Spring/Coordinated Study The early part of the 20th century was marked by the trauma of war and depression. Therefore, the major concern of the post World War II era was to avoid a repetition of those tragedies. Accordingly, there was strong effort to build military superiority and also make sure that governmental policies would guarantee economic growth and prosperity into the foreseeable future. In this program we will examine how these two concerns dominated the politics, economics and cultural trends of the postwar era. The focus will be on understanding the major events of this period including the Red Scare, the beat generation, the Cuban missile crisis, the civil rights movement, the feminist and gay rights movements, Vietnam, Watergate, the Reagan revolution and Clintons impeachment. Program activities will include lectures, workshops, seminars and contemporary films. There will be frequent writing assignments and the program will end with a symposium week featuring student presentations on critical issues of the period.
Daguerreotype to Digital:
The Impact of Photography on the Modern World Spring/Group Contract Daguerreotype to Digital is a one-quarter full-time group contract
designed for intermediate and advanced students in photography who are interested
in improving their darkroom skills and in learning about the historic and contemporary
impact that the medium has had on our world. We will be working with materials
that run the gamut from pinhole and small and medium-format to digital cameras.

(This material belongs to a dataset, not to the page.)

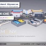 The design provides both efficient storage and improved game play. Many of the trays can be utilized during the game, and they greatly aid set-up and clear-away times. The rules and boards act as a lid on top of the trays.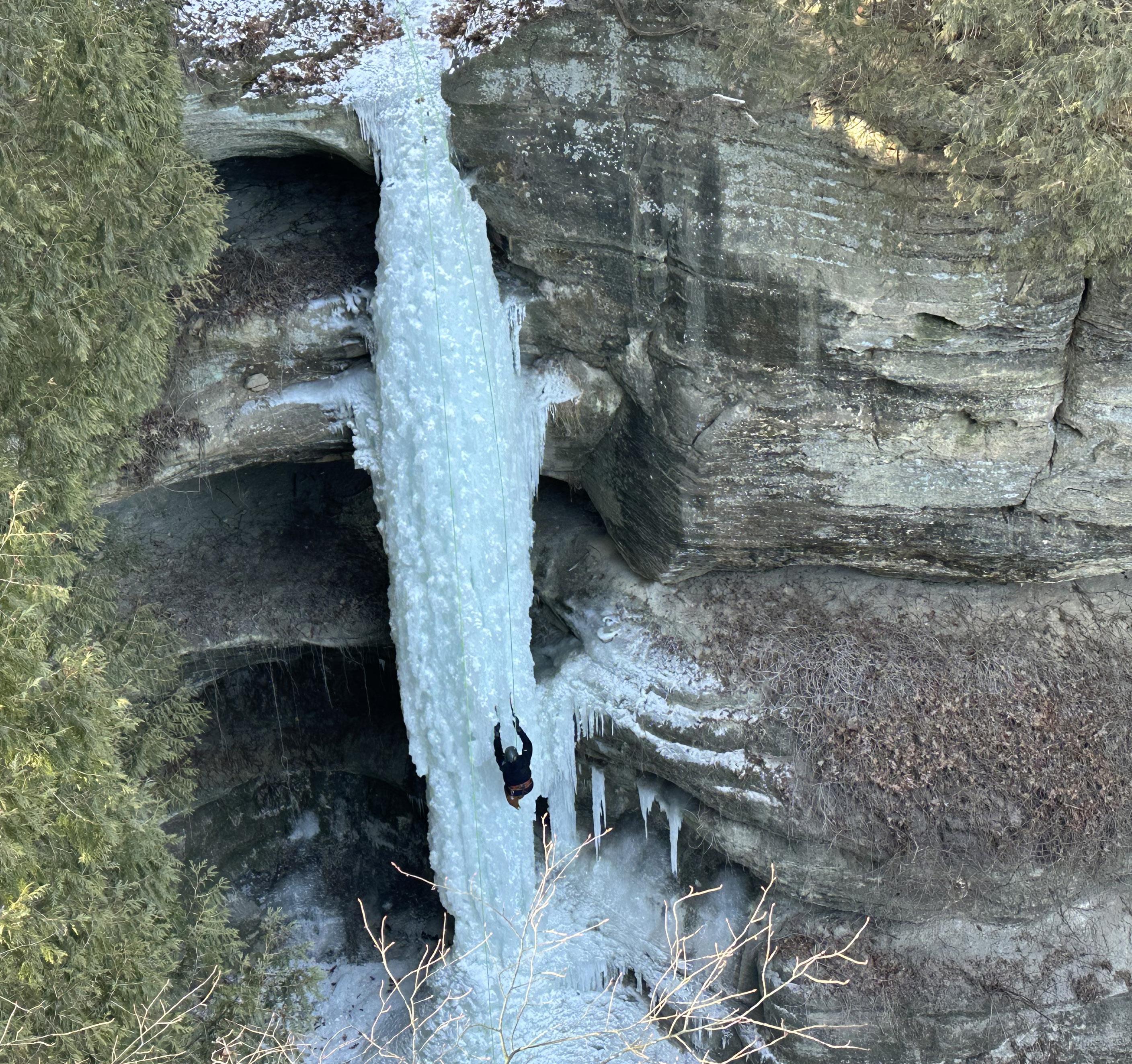 An ice climber scales an 80-foot frozen waterfall Jan. 24, 2025, inside Wildcat Canyon at Starved Rock State Park.

In addition to making images, we will critique our work, study how the photographic
image has both evolved and devolved over the past 170 years, participate in
seminars on books and articles that relate to photography, and write responses
to images and the readings.
Our reading will include works by Susan Sontag, Terry Barrett and Roland Barthes
(among others) in an effort to understand the nature of some of the contemporary
criticism about photography and how the medium fits historically into the realm
of the visual arts. Credit will most likely be awarded in black and white photography, aesthetics
and issues in contemporary art and art history Total: 16 credits. Program is preparatory for careers and future studies in photography and in
arts and the humanities.
Spring/Group Contract Traveling to the caves of the Dordogne and the Pyrenees, to the petroglyphs in Italy and France, to the excavations of ancient Minoan villages on Crete, to the citadels of the Homeric in Mycenaean Greece we will study the paintings, sculptures, tools, habitat, monuments and milieu of the prehistoric and ancient humans. This will be an intensive on-site study of archaeological sites of the prehistoric world in France, Italy and Greece, including Crete. Our activities include seminars, research reports, informal on-site discussions, image writing, and individual site research. The goal of the program is to develop an enhanced understanding of the life and culture of prehistoric peoples and to discover both commonalities with and differences from modern humans. This study will be primarily focused on selected sites from the Upper Paleolithic, Neolithic, Bronze Age, Minoan, Mycenaean and Early Greek eras. Activities include image response writing, lectures, research presentations, seminars and site discussions. You will learn to use your eyes and sensibilities to make discoveries of your own and share your conclusions. Our sites will include caves, petroglyphs, museums and ancient remains. To keep expenses low, we will stay in campgrounds and prepare our own food. Detailed information will be available beginning September 15, 2000, from Academic Advising.